Caravaggio. Lute player, version from the Hermitage
Paintings

Painting by Caravaggio Lute Player

Caravaggio. Lute player, version from the Hermitage
Caravaggio. Lute player, version from the Hermitage

The Lute Player painting greets the viewer with a languid smile in two of the largest museums in the world at once – in the Russian Hermitage and in the New York Metropolitan. Visitors to the medieval Badminton House estate located in Gloucestershire (Great Britain) can also admire the painting “The Lute Player” by Caravaggio. Why did the infamous painter paint three identical paintings and where is the first version of The Lute Player located?

Story

Until recently, the painting “Young Man with a Lute” from the Hermitage was considered the only author’s version, and the rest of the canvases were called copies. Recently it turned out that in fact Caravaggio personally wrote all three versions for different customers, and each of them had an interesting fate with a truly detective story. All the paintings depict a pretty young man playing the lute. The guy has thick brown hair, a soft smile and an enigmatic look. And only a few details indicate that all these are different versions of the same story.

Caravaggio painted his first painting, The Lute Player, in 1595, commissioned by Cardinal Francesco del Monte. For a long time it was assumed that Vincenzo Giustiniani bought the carina from del Monte. Documented information was found that the heirs of del Monte sold the canvas to the famous art lover Cardinal Antonio Barberini, from whose collection she then “migrated” to the collection of Daniel Wildenstein and to the Metropolitan Museum of Art.

Caravaggio. Lute Player, version from the Met
Caravaggio. Lute Player, version from the Met

Second painting Lute player

The painting, painted for Vincenzo Giustiniani, was sold by impoverished descendants at auction in 1808. Before the start of the auction, Emperor Alexander I turned to Dominique Vivant Denon, director of the Louvre, with a personal request to buy a masterpiece for the Hermitage collection, where it is located today. In this version of the painting, a curly-haired young man thoughtfully plucks the strings of an old lute. On the table are a violin and musical notes, fruits and a vase of flowers. If you look closely at the notes, you can read the melody “You know that I love you”, written by Jacob Arkadelt. On the version drawn for del Monte, the author drew a flute and a spinet near the violin, added a cage with a goldfinch to the background, and removed the flowers.

Caravaggio. Lute player. Fragment with notes
Caravaggio. Lute player.
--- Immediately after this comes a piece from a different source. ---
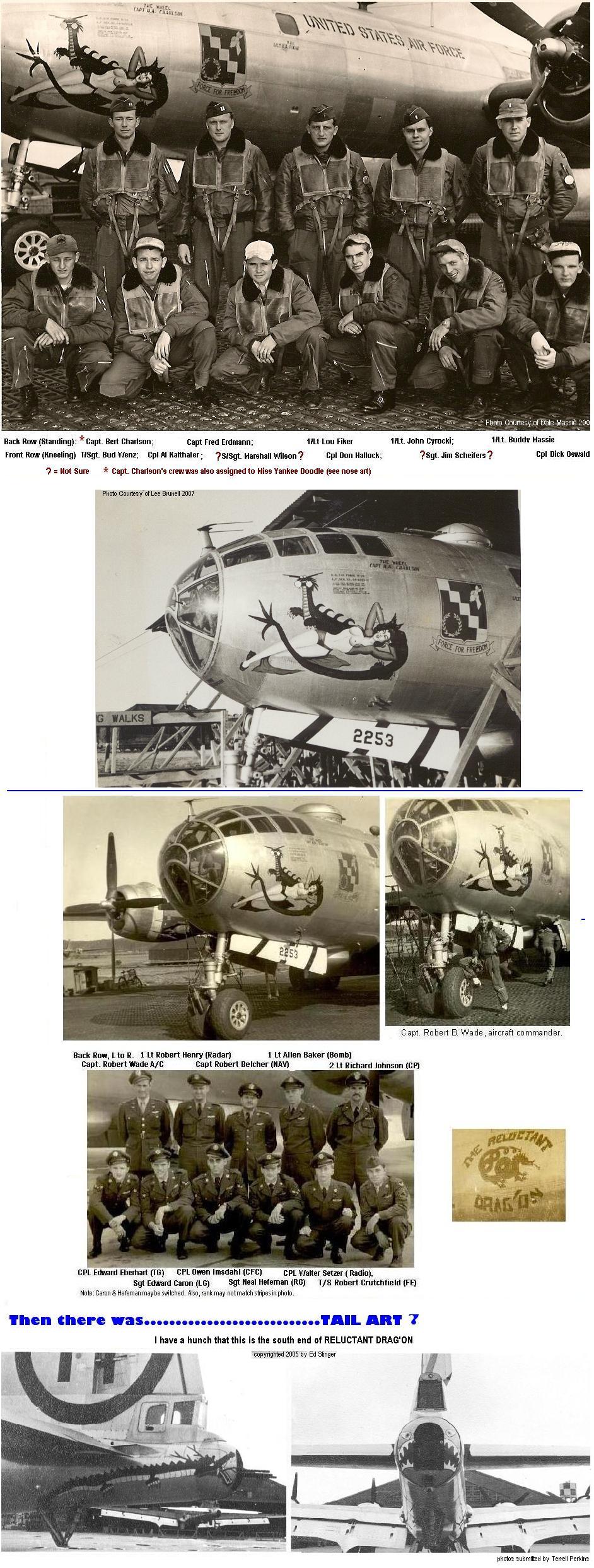 Reluctant Drag’on, The [2253] 98BG-345 BS: Troy Wade emailed: “My father, Robert B. Wade was the aircraft commander.  The co-pilot was Lt. Dick Johnson.” At least one other crew, commanded by Capt Bert Charlson, flew Drag'on.  Don Hallock completed his first combat tour in December 1951 on a lead crew assigned to this aircraft.  This also appears to be only one of a few B-29s that also sported tail art.

Fragment with notes

Third painting

The world learned about the third option only 19 years ago. In January 2001, the Sotheby’s auction house put up for auction a painting that completely repeats the plot of The Lute Player, written for Cardinal del Monte. After examining the canvas, art historians concluded that it was Caravaggio who worked on it. Since the painter left characteristic marks from the handle of the brush in the picture.